Bisnis.com, JAKARTA -- Revisi Peraturan Pemerintah Nomor 82/2012 tentang Penyelenggaraan Sistem Transaksi Elektronik yang membebaskan penempatan data sektor publik di dalam maupun di luar wilayah Indonesia dinilai berpotensi mengganggu kedaulatan digital nasional, sehingga aturan tersebut ditolak oleh beberapa pihak.
Anggota Komisi I DPR RI, Sukamta, mengatakan adanya kesempatan penempatan data di luar wilayah Indonesia memiliki potensi gangguan dan mendesak pemerintah membatalkan Revisi PP No 82 Tahun 2012.

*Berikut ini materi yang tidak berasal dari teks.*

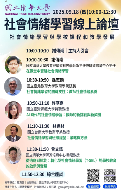 主旨:轉知國立清華大學訂於114年9月18日(星期四)上午10時 至12時30分,辦理「社會情緒學習-社會情緒學習與學校 課程和教學發展」線上論壇一案,請查照。
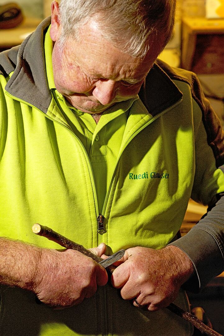 Auch beim Edelreis schneidet Glauser eine Fläche mit einer Gegenzunge.
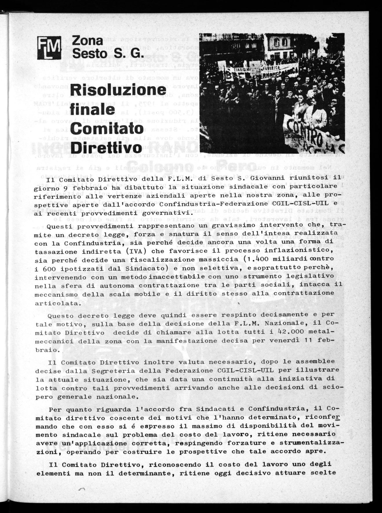 Il Comitato Direttivo della F.L.M. di Sesto S. Giovanni riunitosi il giorno 9 febbraio ha dibattuto la situazione sindacale con particolare riferimento alle vertenze aziendali aperte nella nostra zona, alle prospettive aperte dall'accordo Confindustria-Federazione CGIL-CISL-UIL e ai recenti provvedimenti governativi.
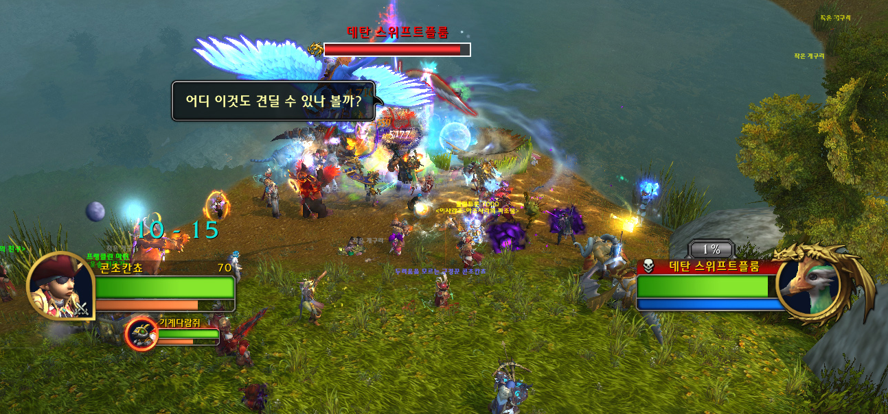 데탄 스위프트플룸이 등장하면서 전투가 시작됩니다.
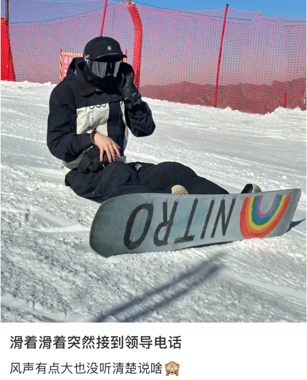 此外,在冬日爆火的雪场,“雪道接电话,缆车回信息,晚上捧着电脑加班”也是时刻上演的打工人日常。
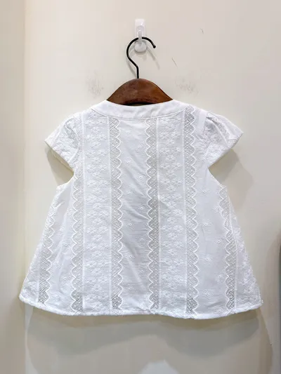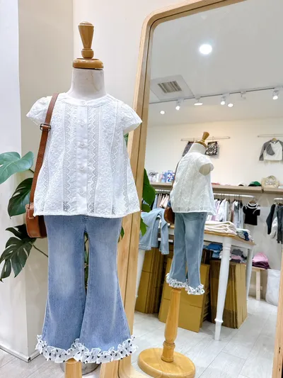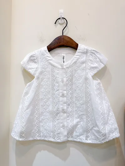 香水娜娜~繡花布⾶袖開襟上衣(90-140cm現貨)
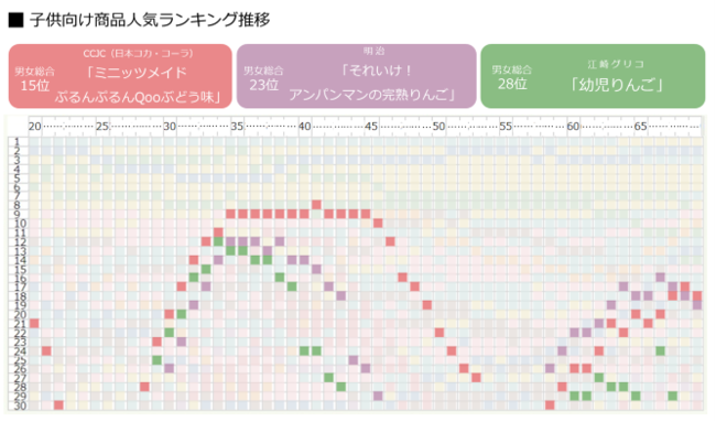 子ども向け商品について、ランキング15位のCCJC(日本コカ・コーラ)「ミニッツメイド ぷるんぷるんQoo ぶどう味」、23位の明治「それいけ!アンパンマンの完熟りんご」、28位の江崎グリコ「幼児りんご」を比較しました。
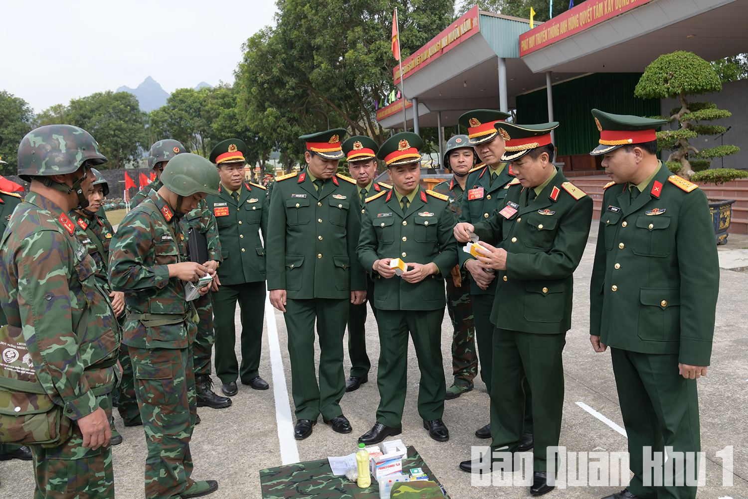 Thiếu tướng Trần Ngọc Tiến, Phó Tham mưu trưởng Quân khu cùng đoàn công tác kiểm tra nội dung bảo đảm vật chất phục vụ nhiệm vụ SSCĐ tại Trung đoàn 141 (Sư đoàn 3).
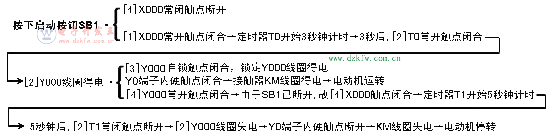 延時起動定時運行控制的plc線路與梯形圖它可以實現的功能是:按下起動按鈕3秒鐘后,電動機起動運行,運行5秒鐘后自動停止。PLC線路與梯形圖說明如下:
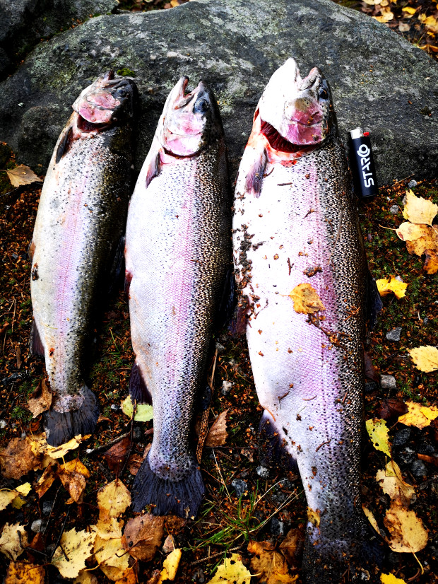 | 04‑16 |  Regnbåge | 3 st | 5.80 kg | Gunnar Nilsson | Något as hade tömt en massa cigarett fimpar vid första parkeringen . sådana skall portas på livstid märkligt att fiskare måste svina ner överallt när de fiskar burkar fimpar snuspåsar plastpåsar mm. Sen heter det att nä vi fiskare slänger inget skräp i naturen vilket är en ren lögn. Spinnfiske Ränningen med bifl.Ljusnan Skeddrag | |
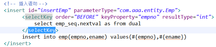 ③ order: 这可以被设置为 BEFORE 或 AFTER。如果设置为 BEFORE,那么它会首先选择主键,设置 keyProperty 然后执行插入语句。如果设置为 AFTER,那么先执行插入语句,然后是 selectKey 元素-这和如 Oracle 数据库相似,可以在插入语句中嵌入序列调用。
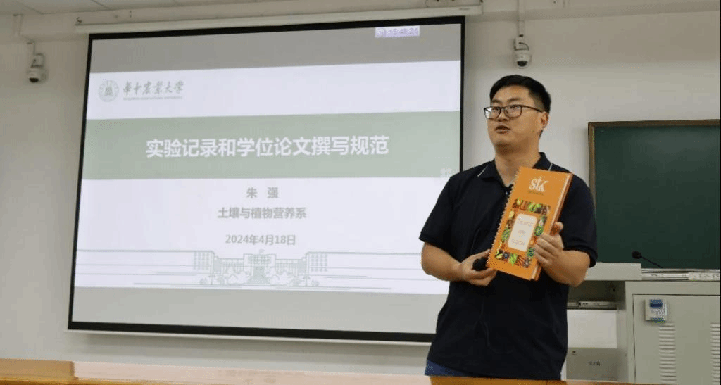 为了让同学们对如何做好实验记录有更直观深刻的体会,朱强副教授拿出自己博士期间的实验记录本与同学们分享。“细节决定成败。”他谈到实验记录的重要性,强调细节对成功的重要性。在讲述论文写作的十条简要规则时,朱老师结合学校的论文撰写规范,指出了毕业论文撰写过程中需要注意的关键问题。

"Bahaya jika negara memberi kesempatan data bisa ditempatkan di luar negeri, meskipun itu data swasta. Saya mendesak Pemerintah membatalkan Revisi PP No 82 tahun 2012 tentang PSTE ini," ujarnya kepada Bisnis, Selasa (17/9/2019).

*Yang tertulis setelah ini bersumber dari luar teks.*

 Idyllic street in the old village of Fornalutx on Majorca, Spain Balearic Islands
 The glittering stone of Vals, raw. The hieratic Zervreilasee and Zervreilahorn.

Dia menjelaskan, potensi gangguan kedaulatan digital dengan disimpannya data sektor publik di luar wilayah Indonesia cukup masuk akal karena dapat dilakukan profiling, analisis, serta pemetaan perilaku masyarakat di suatu negara melalui data terkait.

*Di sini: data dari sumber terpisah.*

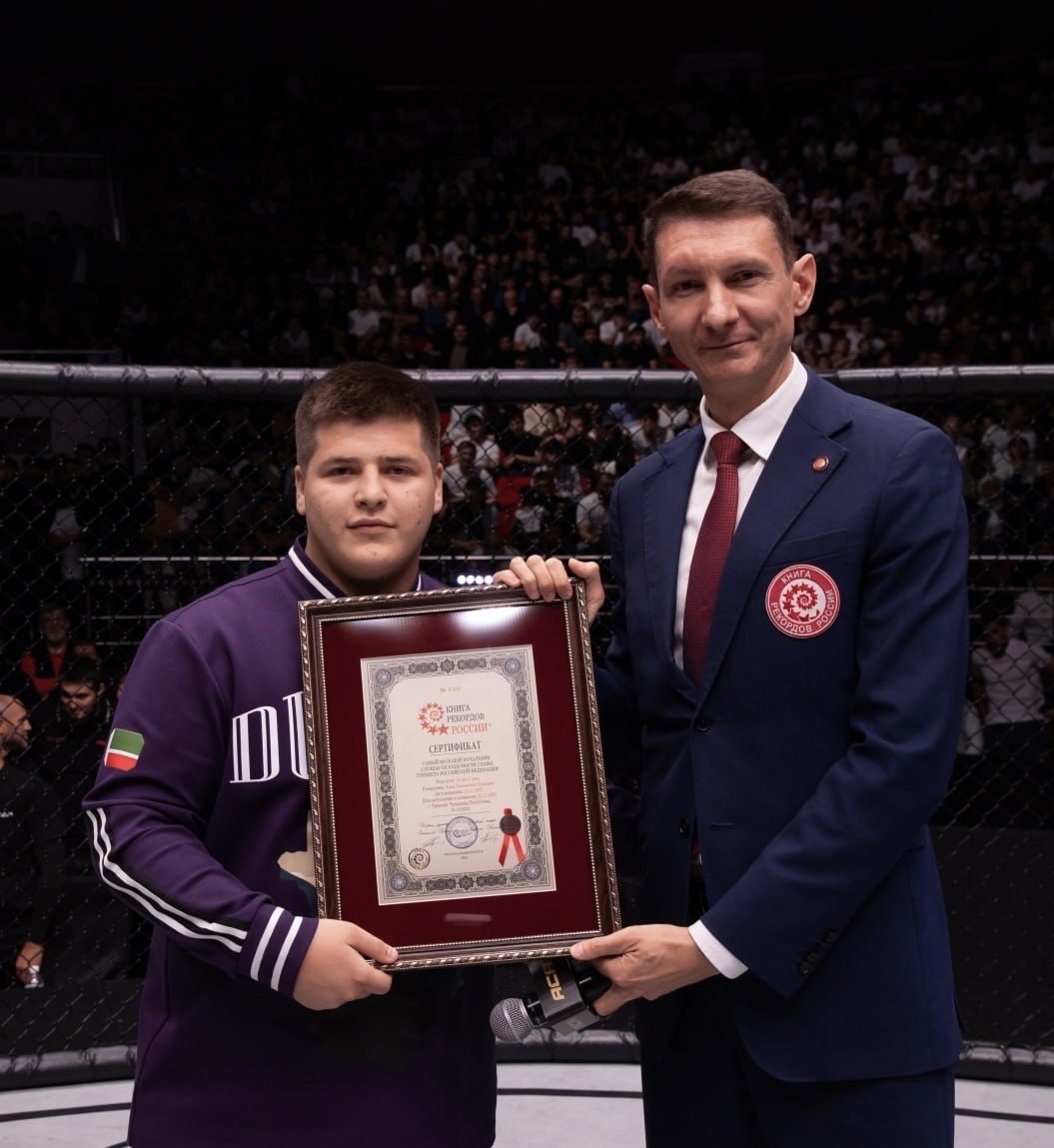 Шестнадцатилетний Адам Кадыров, сын руководителя Чеченской Республики Рамзана Кадырова, вошел в Книгу рекордов России как наиболее молодой руководитель службы безопасности главы субъекта Российской Федерации. Адам Кадыров занял ответственный пост в охране главы Чечни в возрасте пятнадцати лет. В то время спикер регионального парламента Магомед Даудов отметил, что его родственник обладает сильным и принципиальным характером и "на деле показал и доказал, что является достойнейшим представителем великого рода Кадыровых и всего чеченского народа". Через три недели Адам Кадыров стал куратором батальона имени Шейха Мансура. Депутат Государственной Думы Адам Делимханов подчеркнул, что вступление в эту должность стало "закономерным результатом значительных заслуг Адама". Официальная церемония вручения сертификата Книги рекордов России состоялась 5 октября 2024 года во время проведения турнира АСА 180 по смешанным единоборствам (ММА). САМЫЙ МОЛОДОЙ НАЧАЛЬНИК СЛУЖБЫ БЕЗОПАСНОСТИ ГЛАВЫ СУБЪЕКТА

Berdasarkan pertimbangan tersebut, dia berharap kewajiban penempatan data di dalam negeri seperti yang diatur di PP No. 82/2012 tetap diterapkan karena dinilai memberikan dampak positif terhadap perekonomian nasional melalui pemasukan pajak serta peluang tenaga kerja.
Sebelumnya, Ketua Umum Asosiasi Cloud Computing Indonesia (ACCI), Alex Budiyanto, menyayangkan isi revisi PP No. 82/2012 yang membebaskan data sektor privat dapat disimpan di dalam atau pun di luar negeri, karena banyak pemangku kepentingan yang dinilai tidak dilibatkan dalam proses pembahasannya.
Menurut Alex, pemerintah dinilai terburu-buru dalam menyelesaikan aturan tersebut karena sejauh ini tidak ada hal yang mengharuskan revisi PP PSTE untuk segera disahkan.
Adapun, dia menilai Peraturan Pemerintah Nomor 82 Tahun 2012 yang saat ini berlaku di mana data elektronik wajib disimpan di dalam negeri sudah cukup baik.
Dia menambahkan, hal yang perlu dilakukan pemerintah saat ini adalah membuat aturan turunan, seperti misalnya peraturan menteri untuk memperkuat implkementasi aturan yang lama tersebut.
"Salah satu hal yang harus diperjelas adalah dampak hukum bagi penyelenggara sistem elektronik yang melanggar aturan di PP 82/2012," ujarnya kepada Bisnis.com, baru-baru ini.
Dengan demikian, lanjut Alex, pemerintah tidak merevisi PP 82/2012 yang tidak mengklasifikasikan data sehingga seluruh data, baik besar atau pun kecil, wajib disimpan di wilayah teritorial Indonesia.
Selain itu, dengan adanya klasifikasi penyelenggara sistem elektronik lingkup publik dan penyelenggara sistem elektronik lingkup privat justru akan memunculkan kebingungan baru. Pasalnya, definisi data publik dinilai bisa saja berbeda-beda di setiap kementerian/lembaga.
Ketua Umum Masyarakat Telematika (Mastel) Indonesia, Kristiono, menambahkan upaya merelaksasi kebijakan oleh pemerintah dengan membebaskan penempatan data dinilai tidak sejalan dengan pidato Presiden Joko Widodo di DPR RI pada 16 Agustus 2019 yang memosisikan data sebagai the new oil.
Menurut Kristiono, apabila data tetap wajib disimpan di dalam negeri, maka perlindungan, pengolahan, serta pengkapitalisasian data untuk kepentingan nasional menjadi semakin mudah.
Sementara itu, kepastian mengenai penyelesaian aturan tersebut kembali dipertanyakan.
Sesuai dengan tenggat waktu yang disampaikan Direktorat Jenderal Aplikasi Informatika Kementerian Komunikasi dan Informatika (Kemenkominfo), Semuel Abrijani Pengerapan, beberapa waktu lalu, Revisi PP 82/2012 yang telah diedarkan ke beberapa kementerian terkait akan ditinjau kembali oleh Kemenkominfo pada 16 September 2019 lalu.
Namun, ketika ditemui pada 17 September 2019, Menteri Komunikasi dan Informatika (Menkominfo), Rudiantara, mengatakan dirinya belum mengetahui perkembangan dari revisi PP 82/2012.